[mpich-commits] [mpich] MPICH primary repository branch, master, updated. v3.2b3-209-g88ba1a7

Service Account noreply at mpich.org
Sun Jul 12 10:16:43 CDT 2015


This is an automated email from the git hooks/post-receive script.
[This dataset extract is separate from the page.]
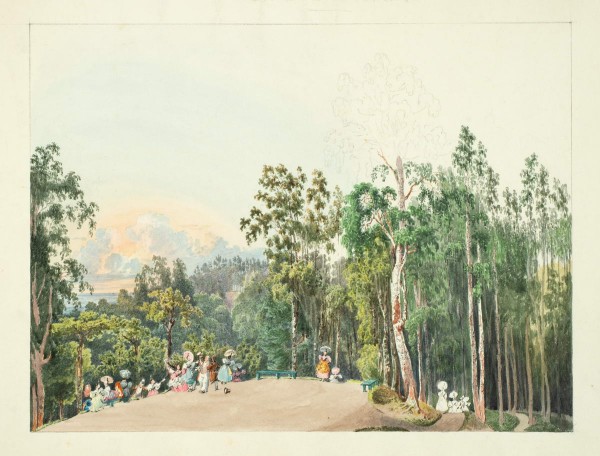 Ранние работы Садовникова отличались небольшим размером и предназначались главным образом для литографирования. Сохранилось несколько акварелей с видами достопримечательностей, украшавших Строгановскую дачу на Черной речке.<...>. Более уверенно исполнены пейзажные виды Парголова в усадьбе графини В. П. Полье в 1833 году. В них очевидно внимательное и любовное отношение к природе. Некоторые из этих видов были литографированы в публикациях знаменитого мецената, комиссионера Общества поощрения художеств и книгоиздателя Андрея Михайловича Прево (1801–1867). Капарулина О. А. Василий Садовников — акварелист пушкинской поры // Василий Семенович Садовников. СПб. 2025. С. 7.

It was
generated because a ref change was pushed to the repository containing
the project "MPICH primary repository".

The branch, master has been updated
       via  88ba1a79d96fcf2b6e0cf40254969ba2878cac56 (commit)
       via  2b219dfe4ca8f8e04f6aaedc25a2a2cf98dc7013 (commit)
       via  b2a9a499143796a8eafa7d6585979ba661233a32 (commit)
      from  f2426e5ae73382a2b63d3ddcd7daa7a4fa56bcf5 (commit)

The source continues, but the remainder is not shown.